Texas sued Facebook for illegally collecting biometric data, using a facial recognition system, of millions of Texans without their consent.

Meta-owned Facebook has been sued by the Texas attorney general’s office, alleging that the social media giant has illegally collected biometric data, using a facial recognition system, of millions of Texans without their consent. Texas suing Facebook for privacy violations is much like the previous lawsuit where the state of Illinois has sued Facebook over facial-recognition issues, which was later settled at $650 million in 2021.

Read more: Facebook Faces a £2.3 Billion Lawsuit Over Exploiting User Data in the UK

Texas sued Facebook due to the illegal usage of facial recognition data for its own commercial use

The complaint filed by Texas attorney general, Ken Paxton, accused the social media platform of collecting millions of biometric data gathered from photos and videos of users posted on the platform without their informed consent – that is the breach of state privacy laws – the data included the face-scan data from Facebook users as well as people who had not signed up to the platform but were featured in other users’ content.

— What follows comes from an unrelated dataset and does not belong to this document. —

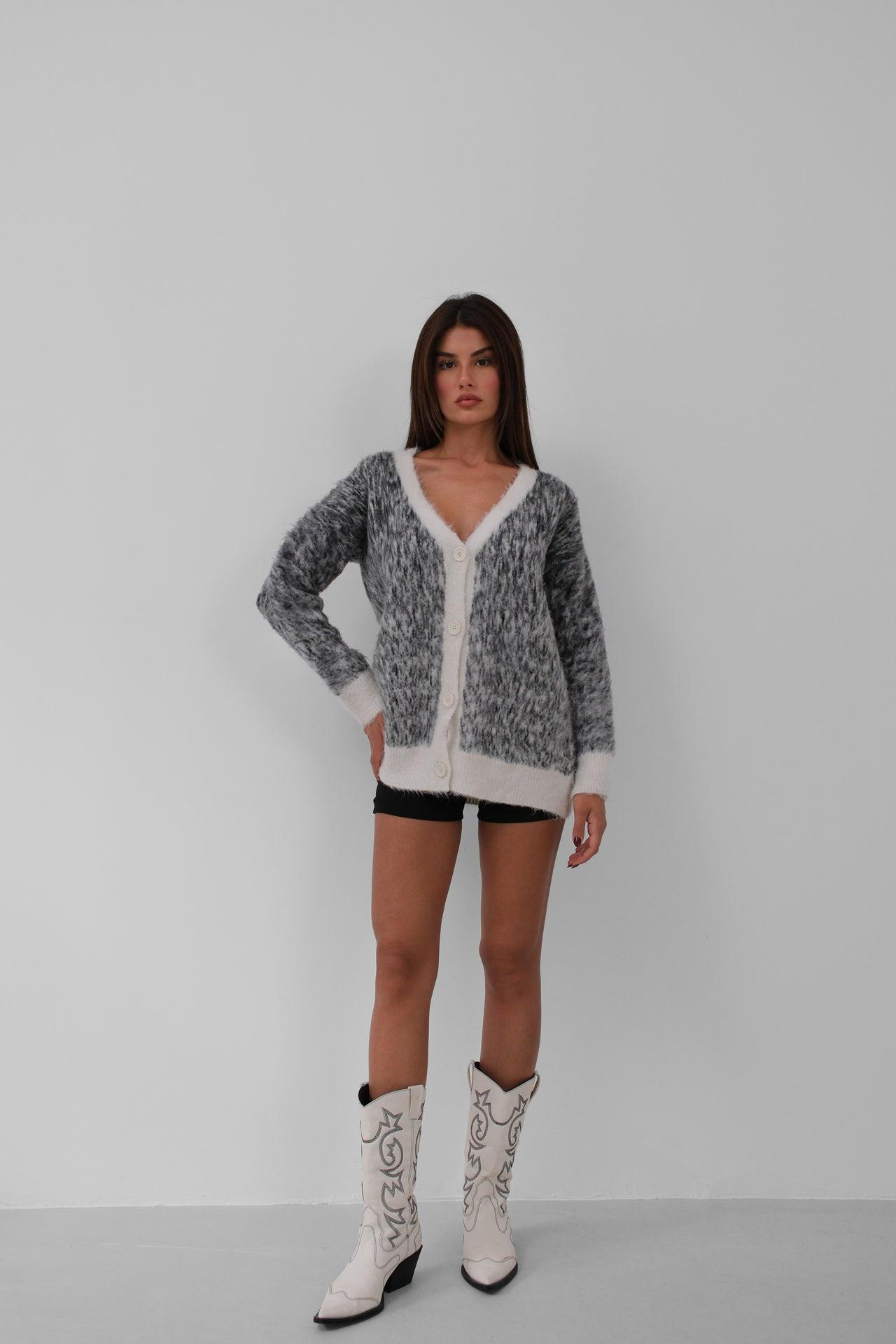 Sakallı Kontrast Renkli Açık Gri Triko Hırka

All of this was gathered in order to train the platform’s facial recognition technology for its own commercial gain.

According to the lawsuit, the state can enforce a civil penalty of up to $25,000 per violation of Texas’ Capture or Use of Biometric Identifier Act for each unlawful collection of a biometric identifier, disclosure of that data to a third party, and failure to destroy the data in a timely manner. Paxton said that Texas sued Facebook because the Meta-owned platform violated the state’s Deceptive Trade Practices Act by misleading consumers and asked for an additional $10,000 civil penalty for each violation of that law.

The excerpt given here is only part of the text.